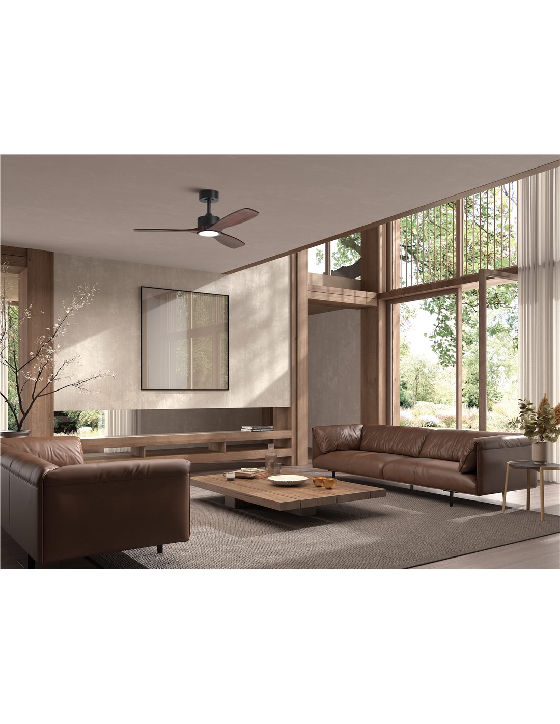Ventilateur de plafond LED SANTORINI XS noir et noyer avec moteur à courant continu et lumière CCT à intensité variable
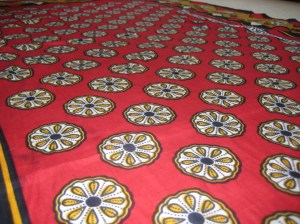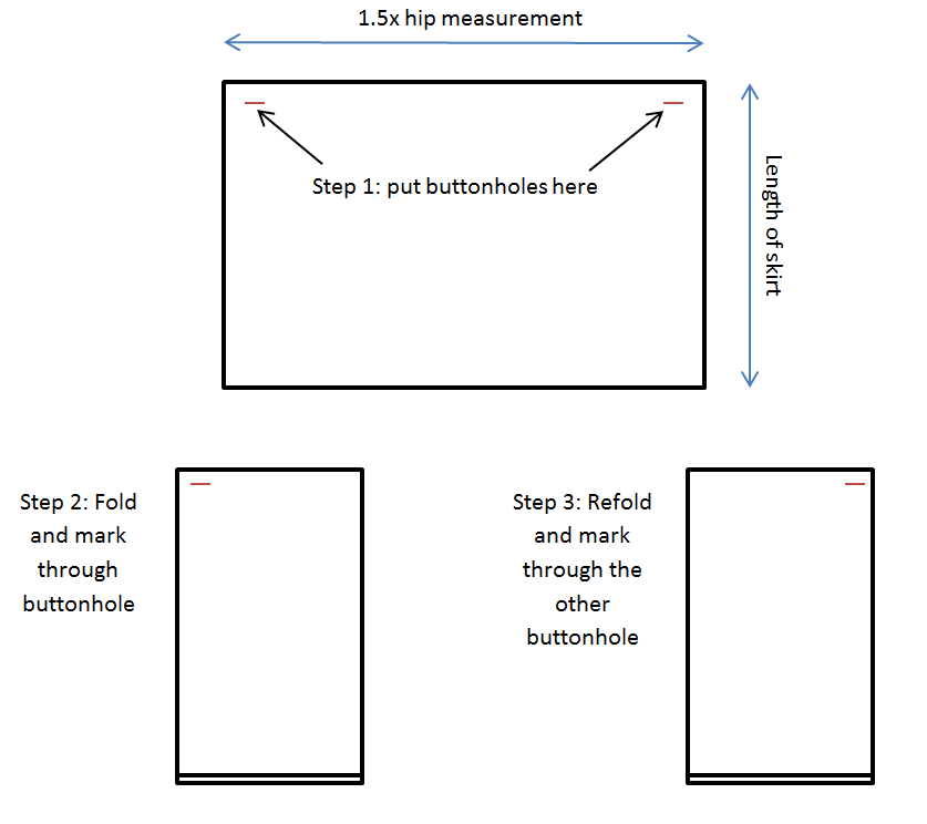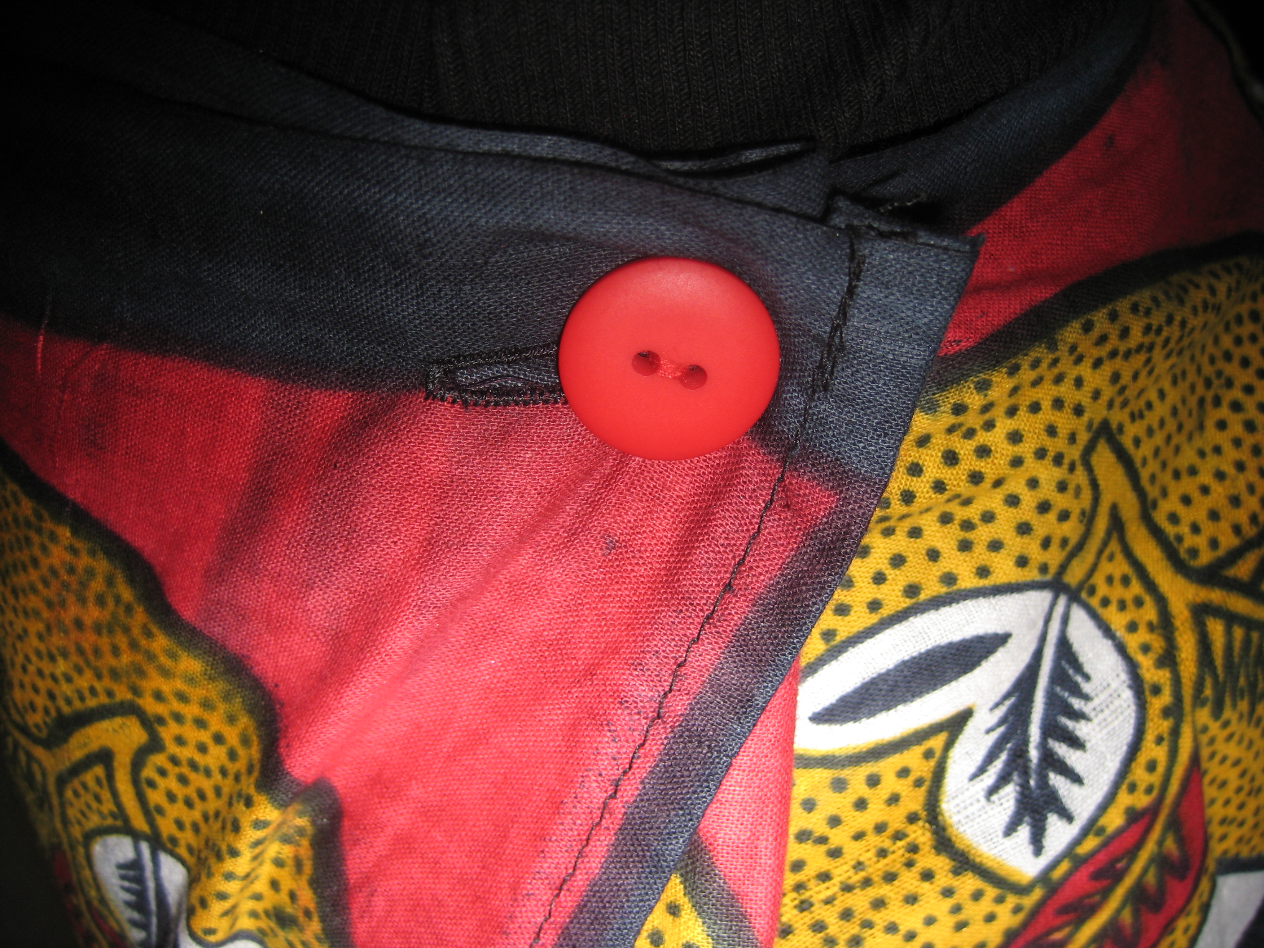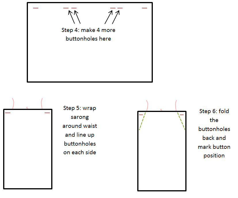 To wear just wrap the sarong around and put each button through the 3 buttonholes on each side. I have put some diagrams below to help you make your own. Pictures of the actual sarong weren’t too clear due to the red/black colour combo!
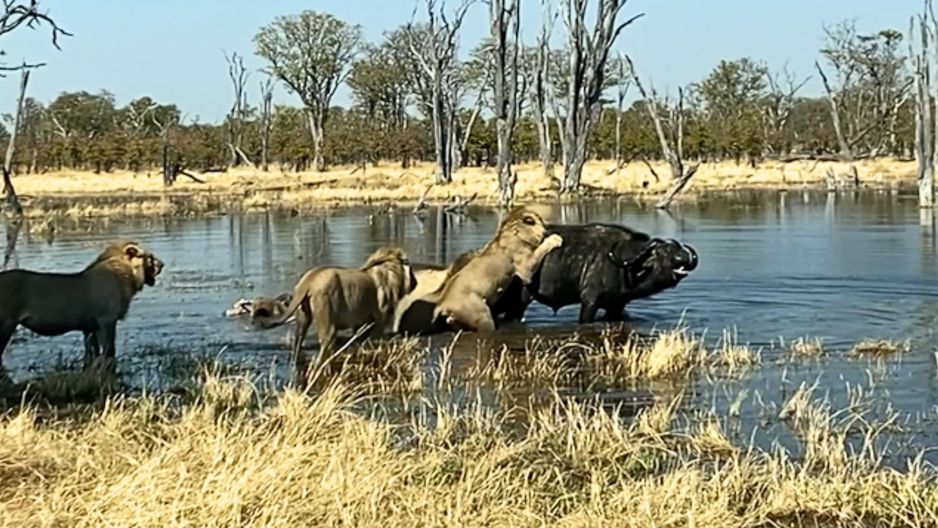 Niezwykłe nagranie z wycieczki safari. Nieustraszony bawół przetrwał prawie godzinny atak sześciu lwów. Ofiara drapieżników wykazała się sprytem. Na udostępnionym nagraniu przez agencje Reutera widać, jak lwy wskakują na grzbiet swoje ofiary, podczas gdy bawół bohatersko wciąga je do wody. Pomimo poradzenia sobie w ten sposób z większością lwów, jeden wytrwały drapieżnik nie chciał odpuścić swojej ofierze. Co ciekawe, bawół działał według planu i najpierw przeszedł na środek zbiornika wodnego, a następnie mocno uderzył lwa masywnymi rogami, płosząc drapieżnika. Ranne zwierzę ostatecznie uciekło w bezpieczne miejsce. Stado lwów poniosło porażkę. Wszystko działo się na oczach turystów w trakcie wycieczki safari w Rezerwacie Moremi Game w Botswanie.
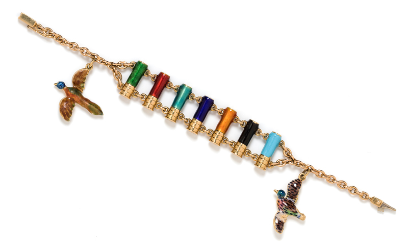 consisting of a series of shotgun shell shaped links with opaque and translucent polychrome enamel in shades of light blue, black, orange, blue, aqua, red and green, on either end are suspended two polychrome enamel bird charms.
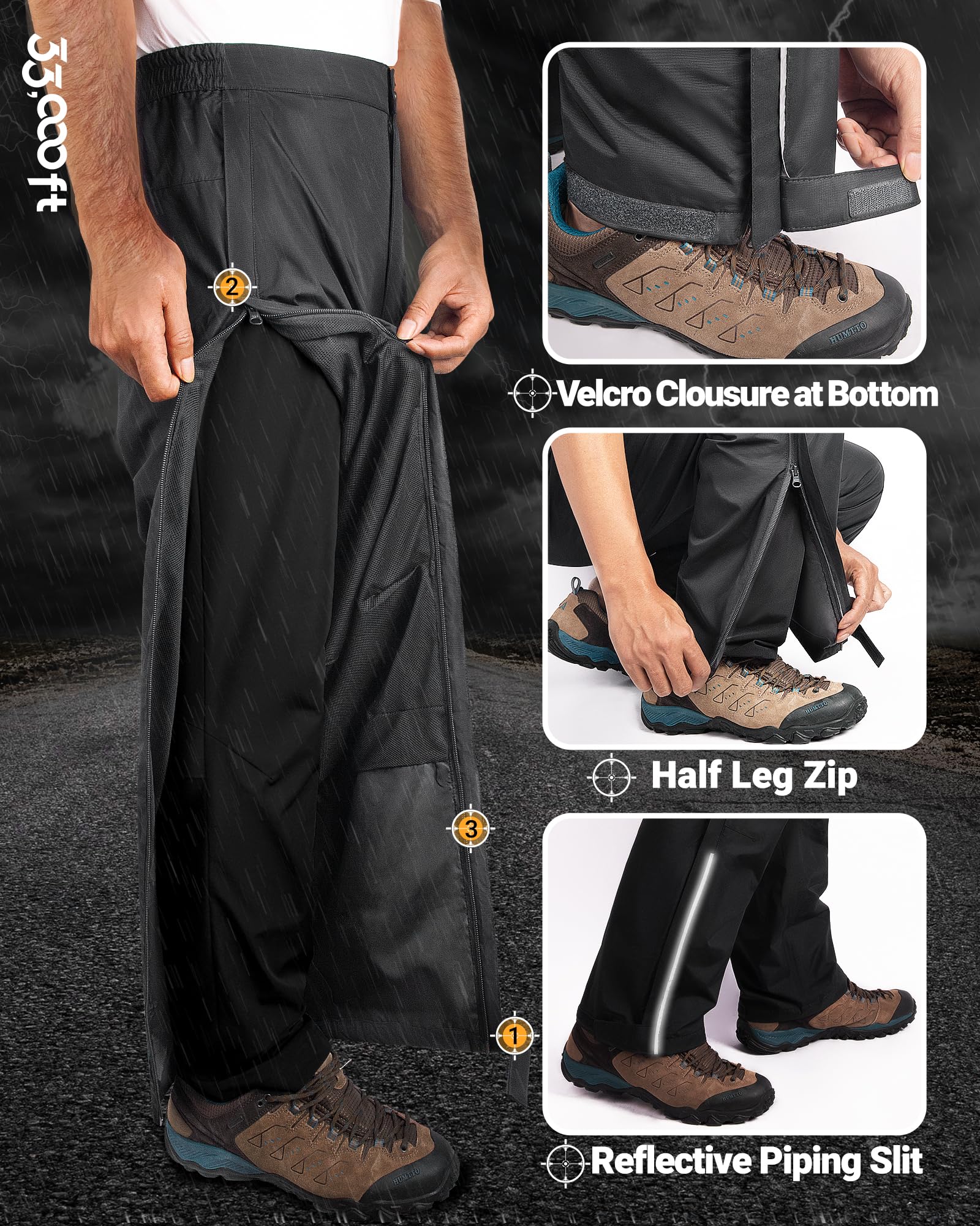 - Safe Design: 33,000ft breathable rain pants for men have reflective strips on the legs.The reflective piping slit keeps you high visibility during outdoor activities!The Velcro closure at bottom leg allows adjust the width for different fits and occasions.
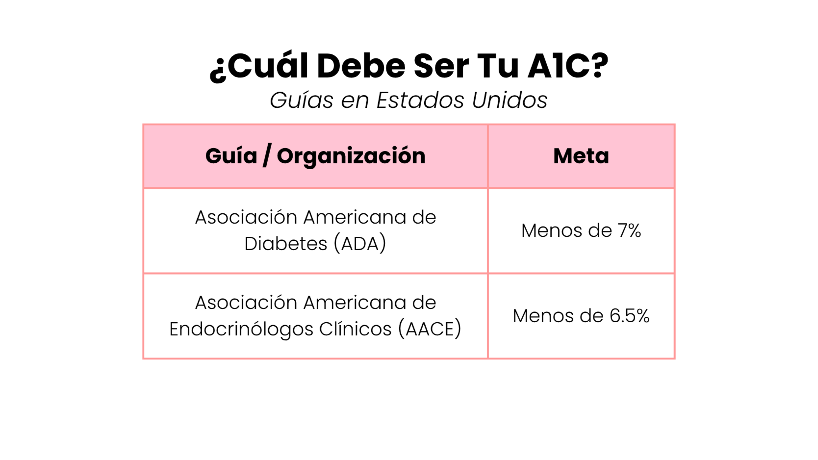 Estas son recomendaciones generales. Tu meta de A1C puede ser diferente según tu edad, salud y tratamiento.
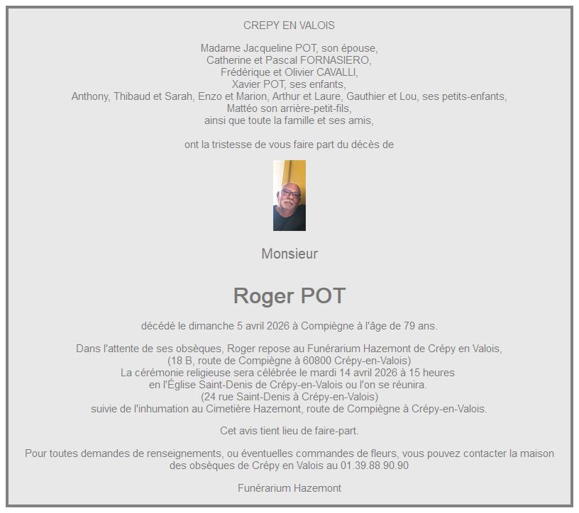 Cet espace « condoléances » est dédié à la mémoire de Monsieur Roger POT.
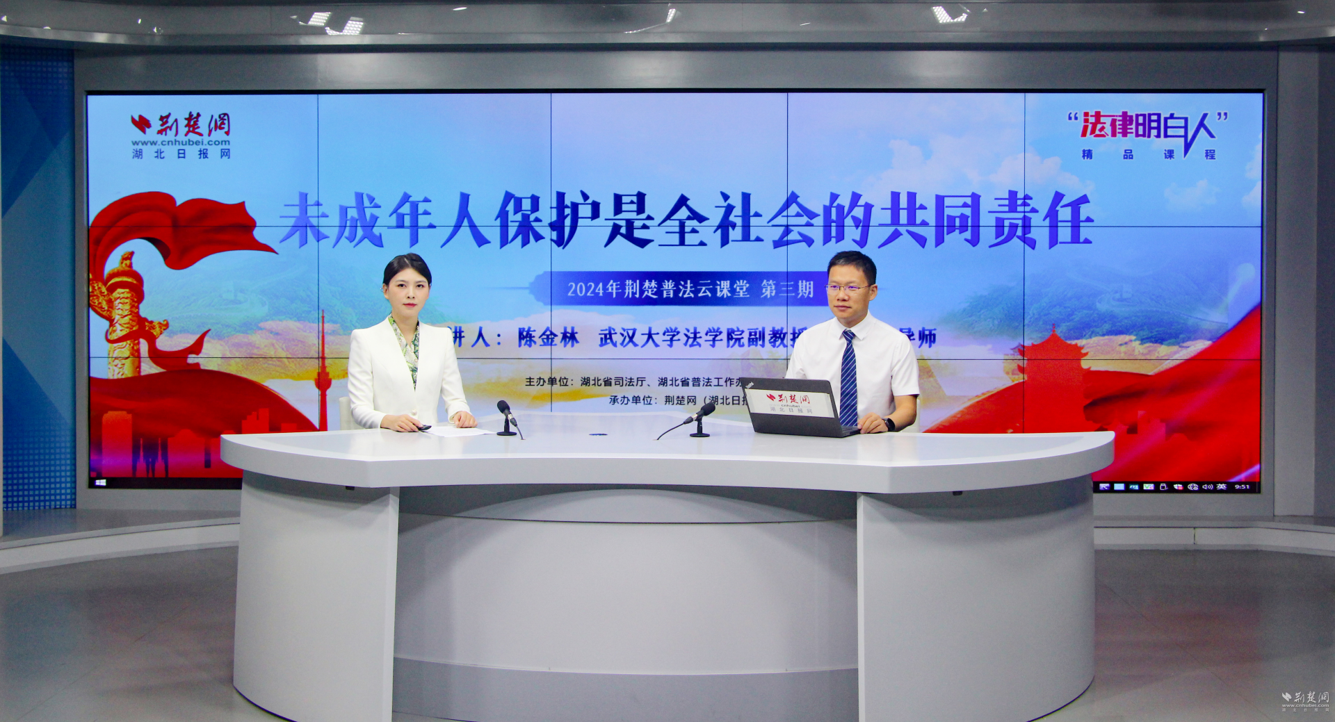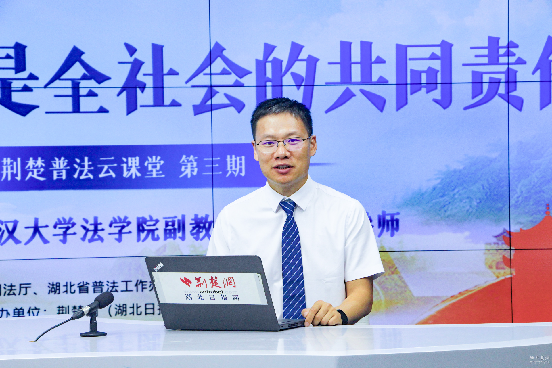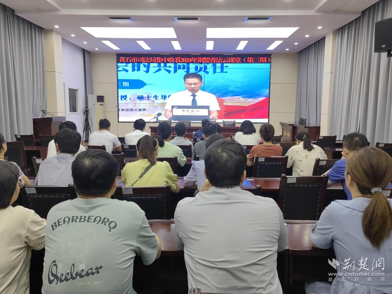 荆楚网(湖北日报网)讯(记者肖慧婷)荆楚云课堂,名师来普法。8月29日上午,由湖北省司法厅、湖北省普法办、共青团湖北省委主办,荆楚网(湖北日报网)承办的2024年荆楚普法云课堂第三期在湖北日报5G演播室开讲。线上共有64万人次观看了直播。
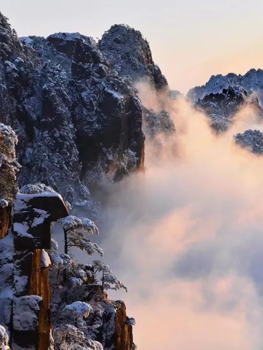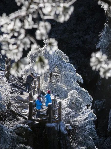 雾凇冬雪,更是黄山冬日里的一绝。雾凇晶莹剔透,宛如玉树琼枝。雪花轻轻飘落,覆盖了整个山峦,银装素裹,分外妖娆。行走在这样的美景中,仿佛步入了一个纯净无瑕的童话世界。
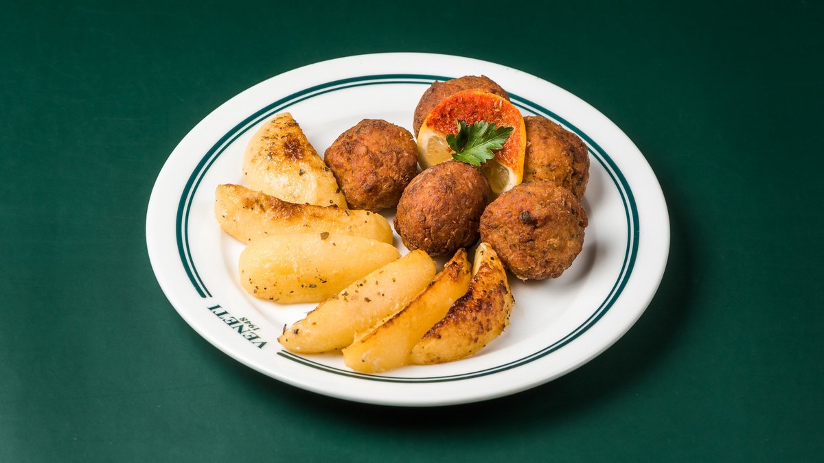 Κεφτεδάκια από φρέσκο μοσχαρίσιο κιμά και μυρωδικά. Συνοδεύονται από πατάτες φούρνου
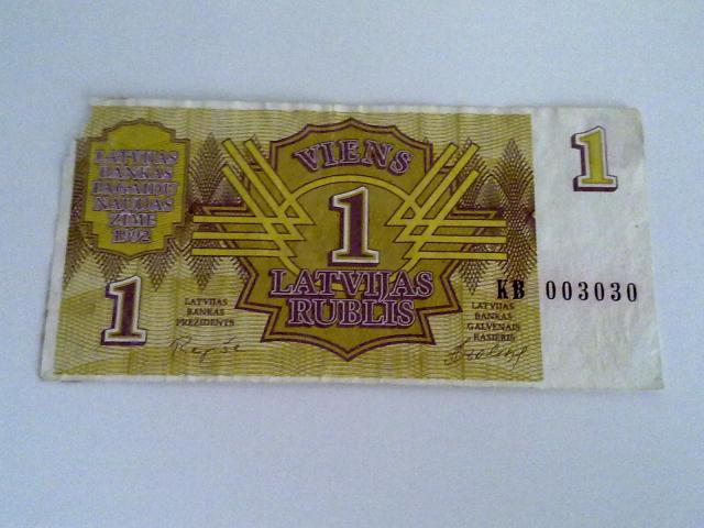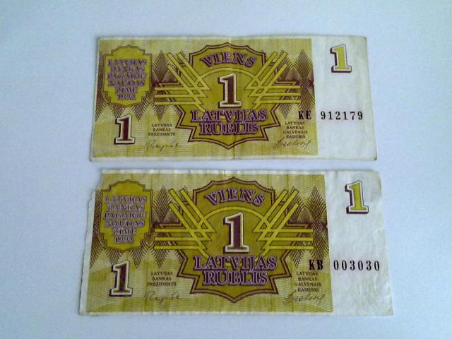 1992 m. Latvijos 1 rublis. Banknotai iš apyvartos, 2 vnt. Vienas banknotas apgadintas.
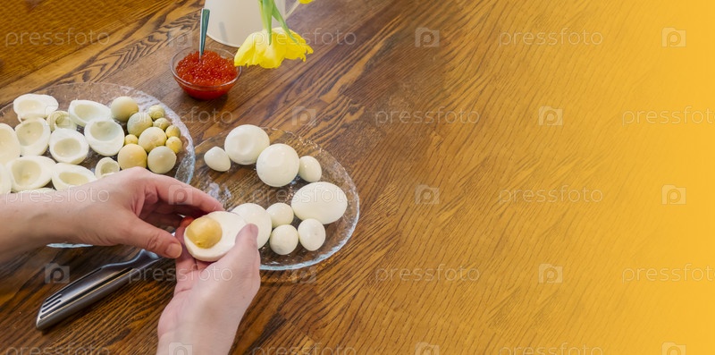 Шаг за шагом. яйцо, разрезанное пополам, для приготовления фаршированных яиц
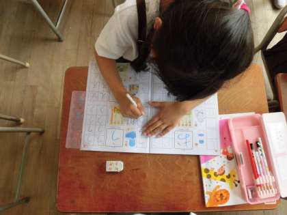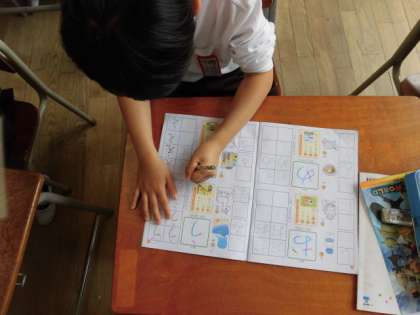 国語の授業では、ひらがなを書く練習をしています。みんな丁寧に書こうと一生懸命に練習しています。はじめは「難しい!!」という声も多くありましたが、だんだん「きれいに書けた!!」「頑張って書いたよ」という声も出てきました。
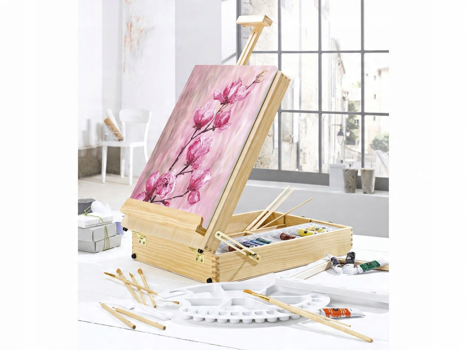 - Настольный мольберт в чемодане – удобное решение для рисования.

_ _ _ _

Pictures excluded, return exactly the lines from the one with "国語の授業では、ひらがなを書" through the final line of the entries above, both included.

 国語の授業では、ひらがなを書く練習をしています。みんな丁寧に書こうと一生懸命に練習しています。はじめは「難しい!!」という声も多くありましたが、だんだん「きれいに書けた!!」「頑張って書いたよ」という声も出てきました。
 - Настольный мольберт в чемодане – удобное решение для рисования.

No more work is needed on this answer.